From the first line to the last, output the records exactly and drop any images.

——

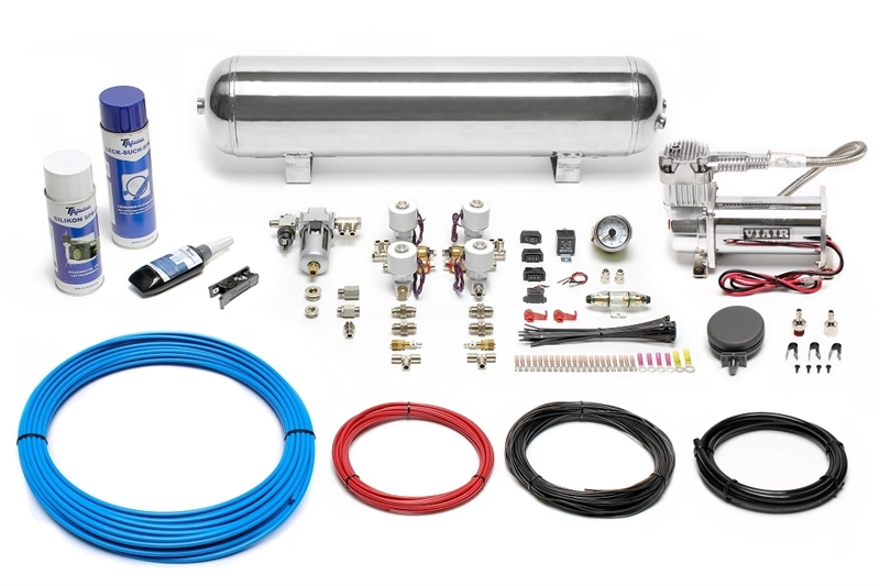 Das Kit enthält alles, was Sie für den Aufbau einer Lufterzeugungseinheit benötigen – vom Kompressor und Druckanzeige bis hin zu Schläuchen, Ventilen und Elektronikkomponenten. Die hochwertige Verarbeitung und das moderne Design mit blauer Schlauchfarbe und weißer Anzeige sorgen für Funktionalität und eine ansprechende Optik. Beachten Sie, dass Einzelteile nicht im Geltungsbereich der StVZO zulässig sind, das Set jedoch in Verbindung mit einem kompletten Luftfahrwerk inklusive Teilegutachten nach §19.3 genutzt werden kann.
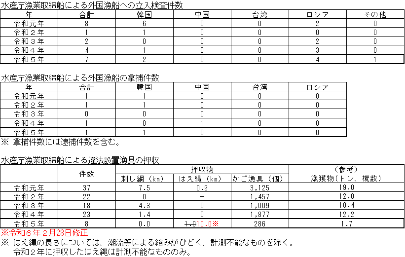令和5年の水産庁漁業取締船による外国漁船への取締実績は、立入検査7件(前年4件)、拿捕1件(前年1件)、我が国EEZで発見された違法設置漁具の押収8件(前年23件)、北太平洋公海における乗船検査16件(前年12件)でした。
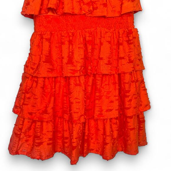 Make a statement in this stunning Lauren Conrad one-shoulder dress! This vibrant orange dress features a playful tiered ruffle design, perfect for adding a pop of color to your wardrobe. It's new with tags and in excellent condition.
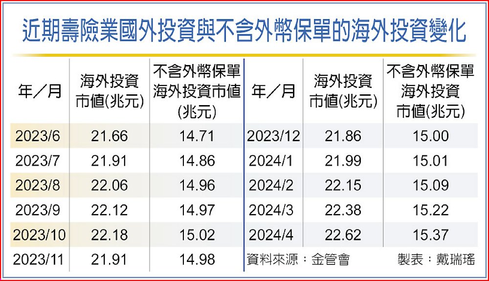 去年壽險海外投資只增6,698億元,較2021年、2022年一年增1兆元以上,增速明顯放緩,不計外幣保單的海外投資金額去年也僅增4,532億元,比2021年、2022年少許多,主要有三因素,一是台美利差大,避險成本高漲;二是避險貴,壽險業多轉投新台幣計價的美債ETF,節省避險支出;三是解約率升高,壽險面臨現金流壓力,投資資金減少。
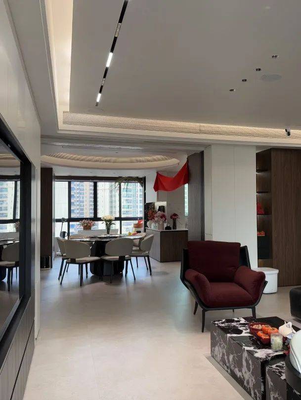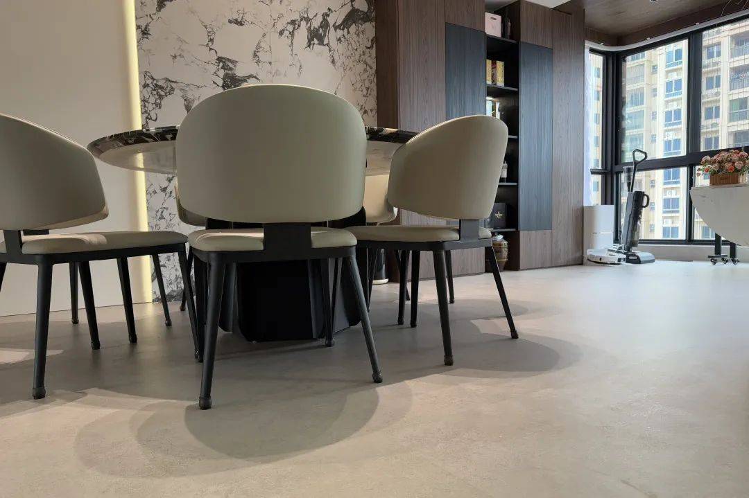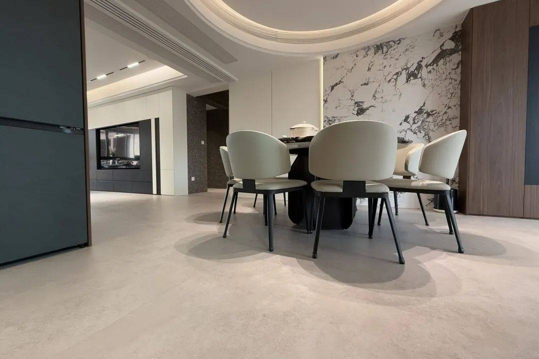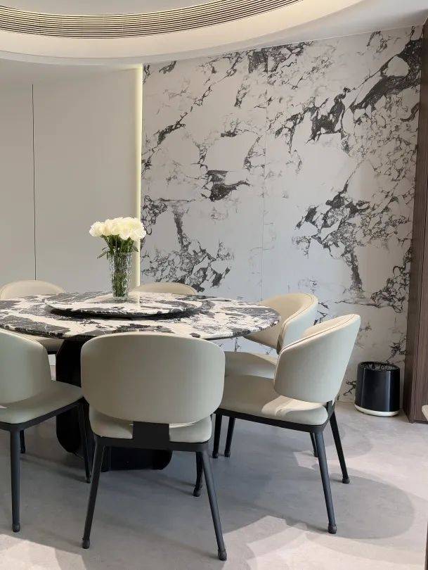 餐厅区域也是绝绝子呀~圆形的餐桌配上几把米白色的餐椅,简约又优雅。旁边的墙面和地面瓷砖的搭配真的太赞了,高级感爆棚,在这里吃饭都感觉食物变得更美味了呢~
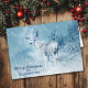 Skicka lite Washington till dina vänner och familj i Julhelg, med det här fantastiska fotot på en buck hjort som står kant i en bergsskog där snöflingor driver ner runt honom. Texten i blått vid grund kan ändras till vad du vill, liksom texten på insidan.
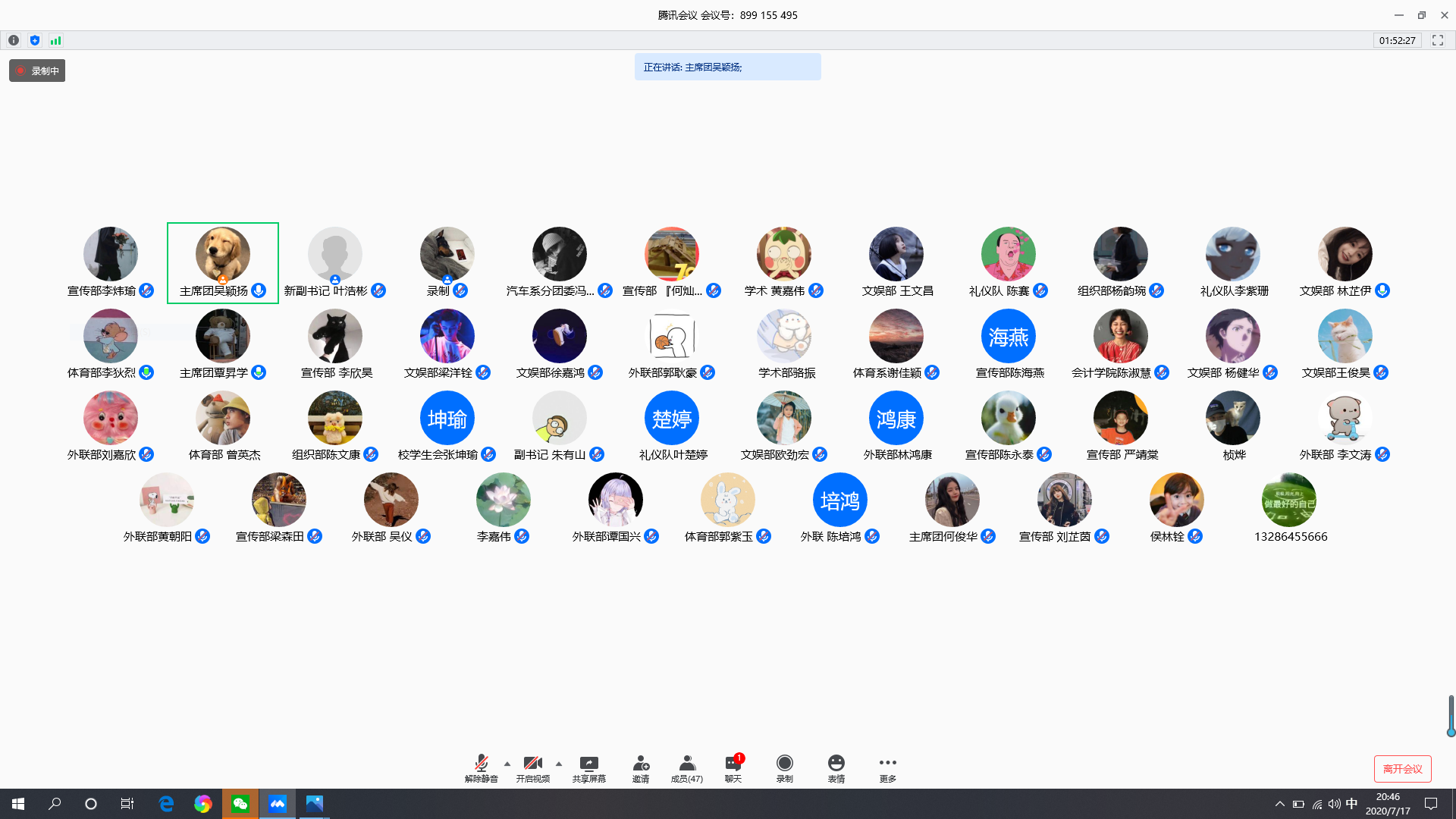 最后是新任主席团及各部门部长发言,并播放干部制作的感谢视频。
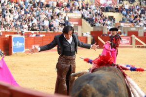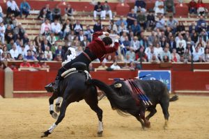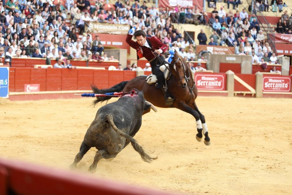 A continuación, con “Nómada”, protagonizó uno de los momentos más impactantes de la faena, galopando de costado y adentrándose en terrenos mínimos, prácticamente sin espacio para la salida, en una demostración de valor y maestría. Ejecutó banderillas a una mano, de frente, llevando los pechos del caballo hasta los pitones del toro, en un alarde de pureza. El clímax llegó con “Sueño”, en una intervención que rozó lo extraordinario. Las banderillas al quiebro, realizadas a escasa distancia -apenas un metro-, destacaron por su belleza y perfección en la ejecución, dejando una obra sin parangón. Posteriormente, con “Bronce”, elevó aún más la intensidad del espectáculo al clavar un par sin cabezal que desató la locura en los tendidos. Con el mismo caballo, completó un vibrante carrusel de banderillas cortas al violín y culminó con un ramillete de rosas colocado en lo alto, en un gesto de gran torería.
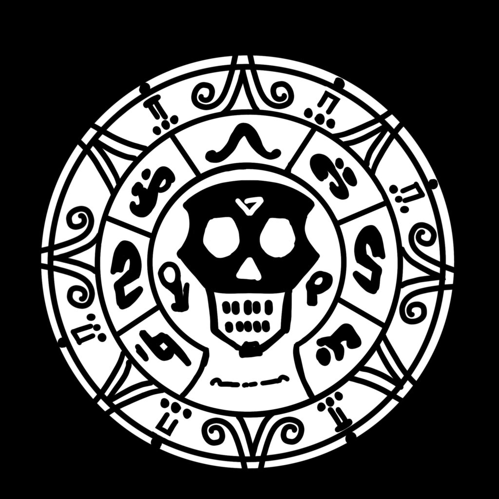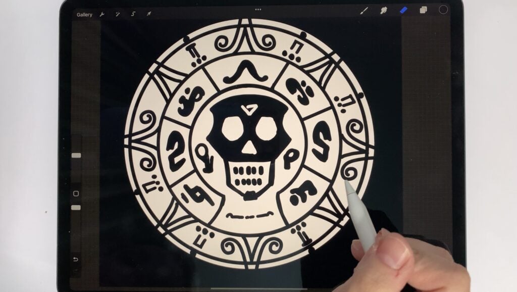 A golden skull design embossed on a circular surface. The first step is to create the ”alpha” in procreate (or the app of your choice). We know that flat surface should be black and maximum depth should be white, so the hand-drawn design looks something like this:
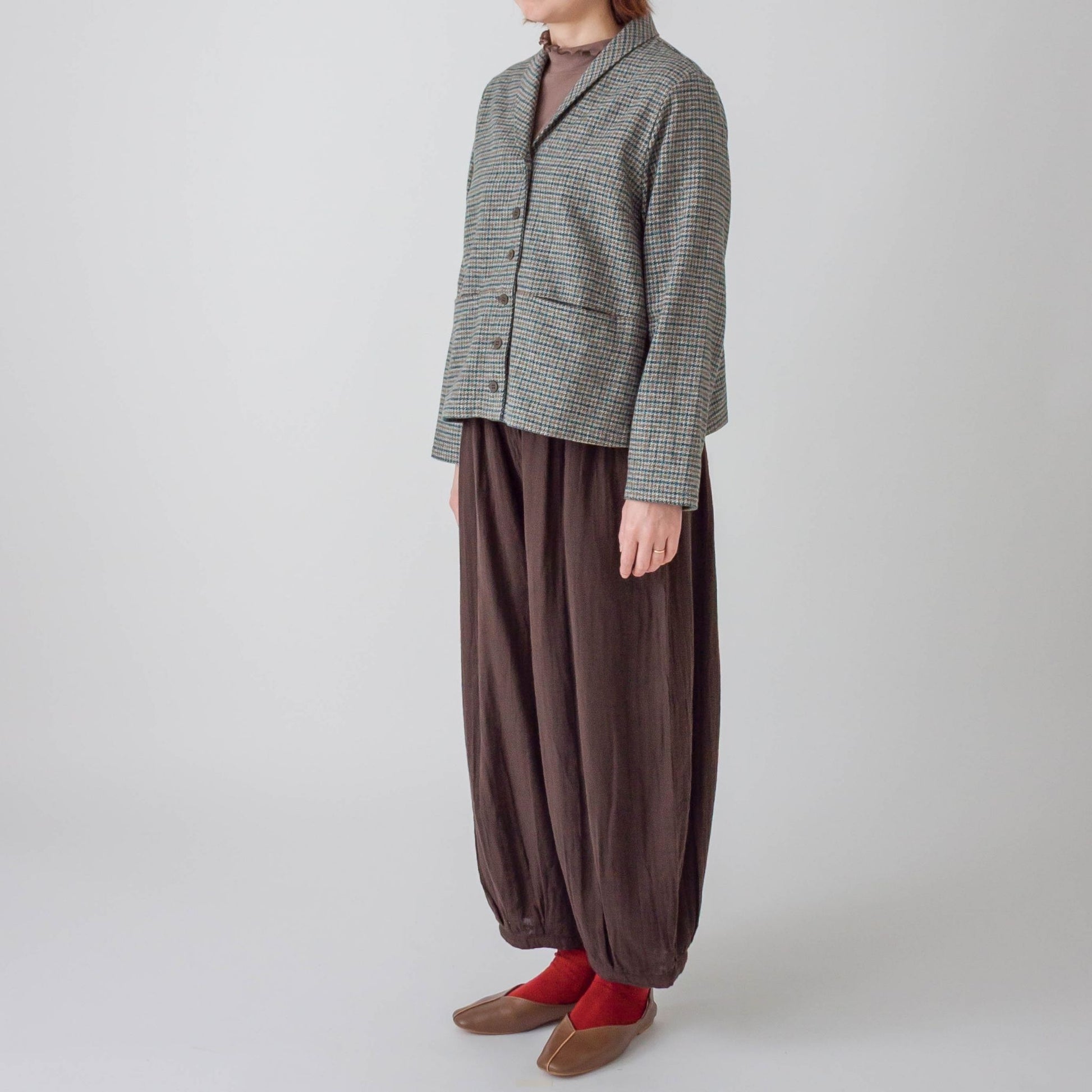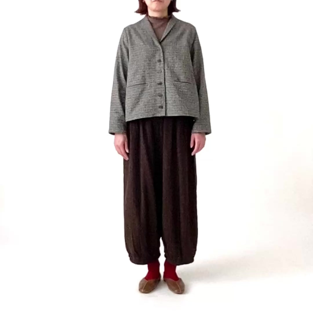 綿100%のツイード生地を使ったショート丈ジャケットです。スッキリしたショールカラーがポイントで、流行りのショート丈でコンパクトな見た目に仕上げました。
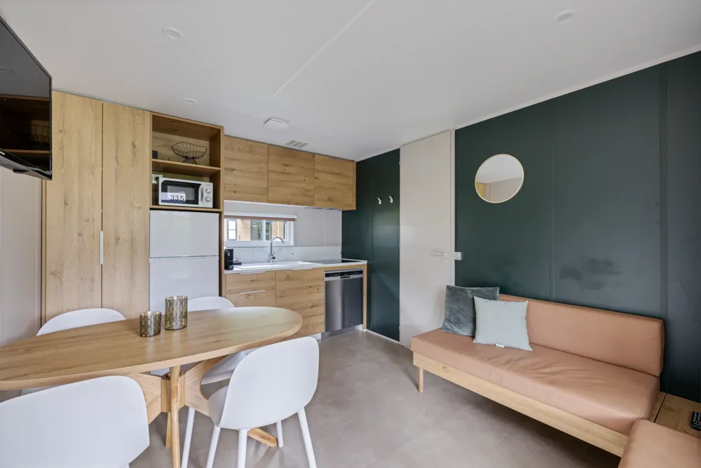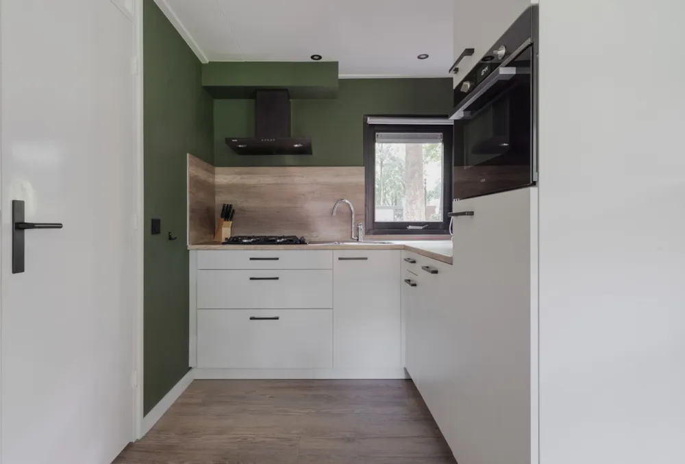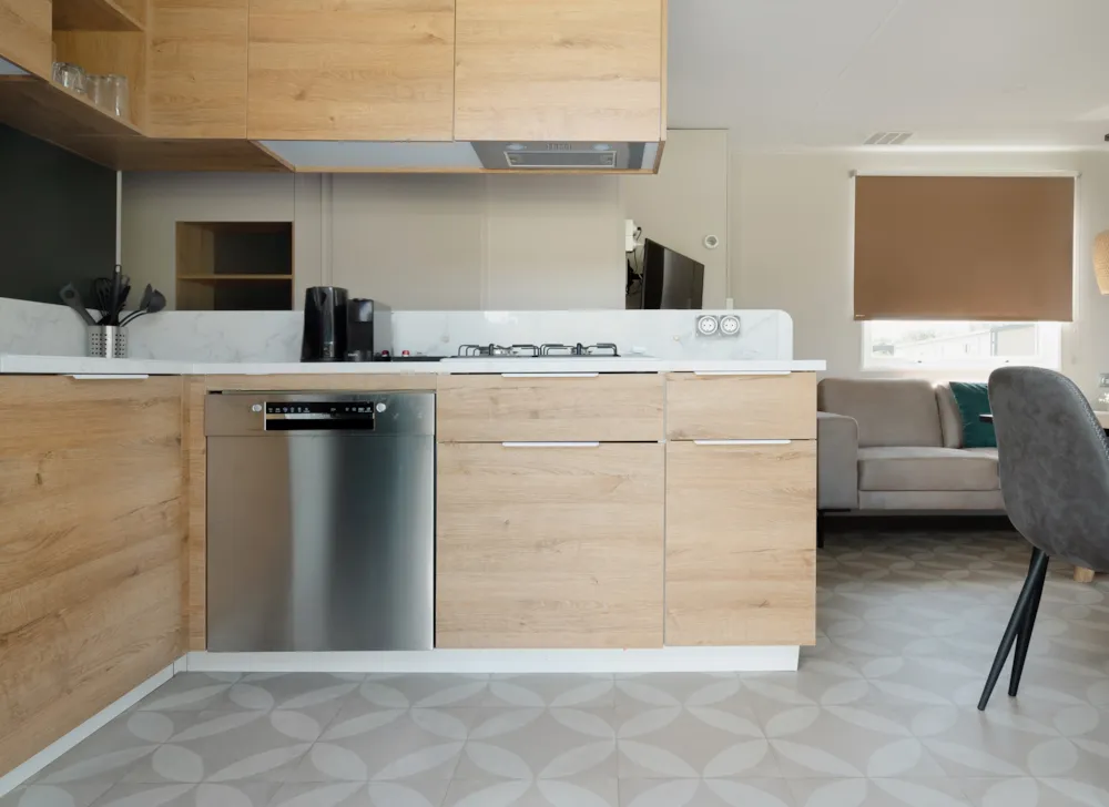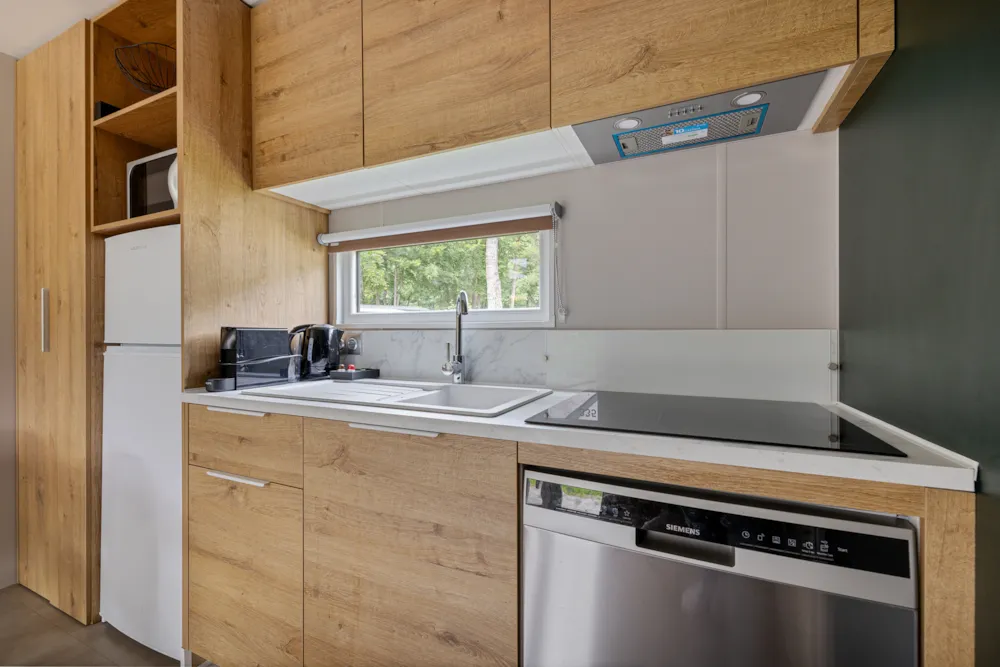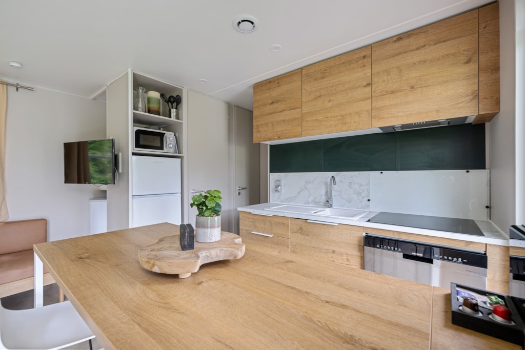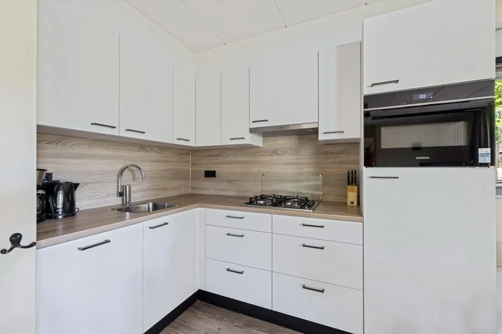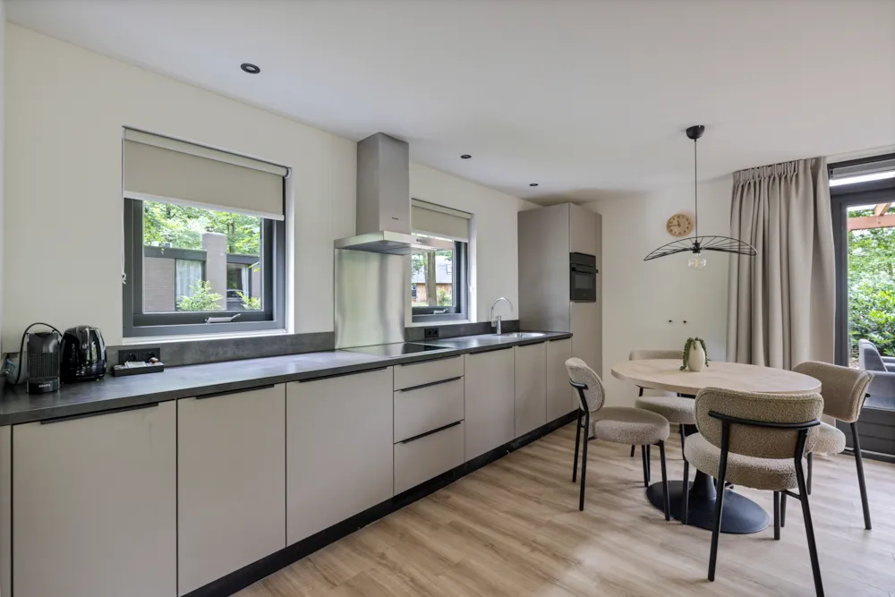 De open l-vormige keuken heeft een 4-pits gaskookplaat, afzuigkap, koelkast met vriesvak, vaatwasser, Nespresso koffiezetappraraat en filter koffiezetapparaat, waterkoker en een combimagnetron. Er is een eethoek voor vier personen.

——

▸ Task solution:
 Das Kit enthält alles, was Sie für den Aufbau einer Lufterzeugungseinheit benötigen – vom Kompressor und Druckanzeige bis hin zu Schläuchen, Ventilen und Elektronikkomponenten. Die hochwertige Verarbeitung und das moderne Design mit blauer Schlauchfarbe und weißer Anzeige sorgen für Funktionalität und eine ansprechende Optik. Beachten Sie, dass Einzelteile nicht im Geltungsbereich der StVZO zulässig sind, das Set jedoch in Verbindung mit einem kompletten Luftfahrwerk inklusive Teilegutachten nach §19.3 genutzt werden kann.
令和5年の水産庁漁業取締船による外国漁船への取締実績は、立入検査7件(前年4件)、拿捕1件(前年1件)、我が国EEZで発見された違法設置漁具の押収8件(前年23件)、北太平洋公海における乗船検査16件(前年12件)でした。
 Make a statement in this stunning Lauren Conrad one-shoulder dress! This vibrant orange dress features a playful tiered ruffle design, perfect for adding a pop of color to your wardrobe. It's new with tags and in excellent condition.
 去年壽險海外投資只增6,698億元,較2021年、2022年一年增1兆元以上,增速明顯放緩,不計外幣保單的海外投資金額去年也僅增4,532億元,比2021年、2022年少許多,主要有三因素,一是台美利差大,避險成本高漲;二是避險貴,壽險業多轉投新台幣計價的美債ETF,節省避險支出;三是解約率升高,壽險面臨現金流壓力,投資資金減少。
 餐厅区域也是绝绝子呀~圆形的餐桌配上几把米白色的餐椅,简约又优雅。旁边的墙面和地面瓷砖的搭配真的太赞了,高级感爆棚,在这里吃饭都感觉食物变得更美味了呢~
 Skicka lite Washington till dina vänner och familj i Julhelg, med det här fantastiska fotot på en buck hjort som står kant i en bergsskog där snöflingor driver ner runt honom. Texten i blått vid grund kan ändras till vad du vill, liksom texten på insidan.
 最后是新任主席团及各部门部长发言,并播放干部制作的感谢视频。
 A continuación, con “Nómada”, protagonizó uno de los momentos más impactantes de la faena, galopando de costado y adentrándose en terrenos mínimos, prácticamente sin espacio para la salida, en una demostración de valor y maestría. Ejecutó banderillas a una mano, de frente, llevando los pechos del caballo hasta los pitones del toro, en un alarde de pureza. El clímax llegó con “Sueño”, en una intervención que rozó lo extraordinario. Las banderillas al quiebro, realizadas a escasa distancia -apenas un metro-, destacaron por su belleza y perfección en la ejecución, dejando una obra sin parangón. Posteriormente, con “Bronce”, elevó aún más la intensidad del espectáculo al clavar un par sin cabezal que desató la locura en los tendidos. Con el mismo caballo, completó un vibrante carrusel de banderillas cortas al violín y culminó con un ramillete de rosas colocado en lo alto, en un gesto de gran torería.
 A golden skull design embossed on a circular surface. The first step is to create the ”alpha” in procreate (or the app of your choice). We know that flat surface should be black and maximum depth should be white, so the hand-drawn design looks something like this:
 綿100%のツイード生地を使ったショート丈ジャケットです。スッキリしたショールカラーがポイントで、流行りのショート丈でコンパクトな見た目に仕上げました。
 De open l-vormige keuken heeft een 4-pits gaskookplaat, afzuigkap, koelkast met vriesvak, vaatwasser, Nespresso koffiezetappraraat en filter koffiezetapparaat, waterkoker en een combimagnetron. Er is een eethoek voor vier personen.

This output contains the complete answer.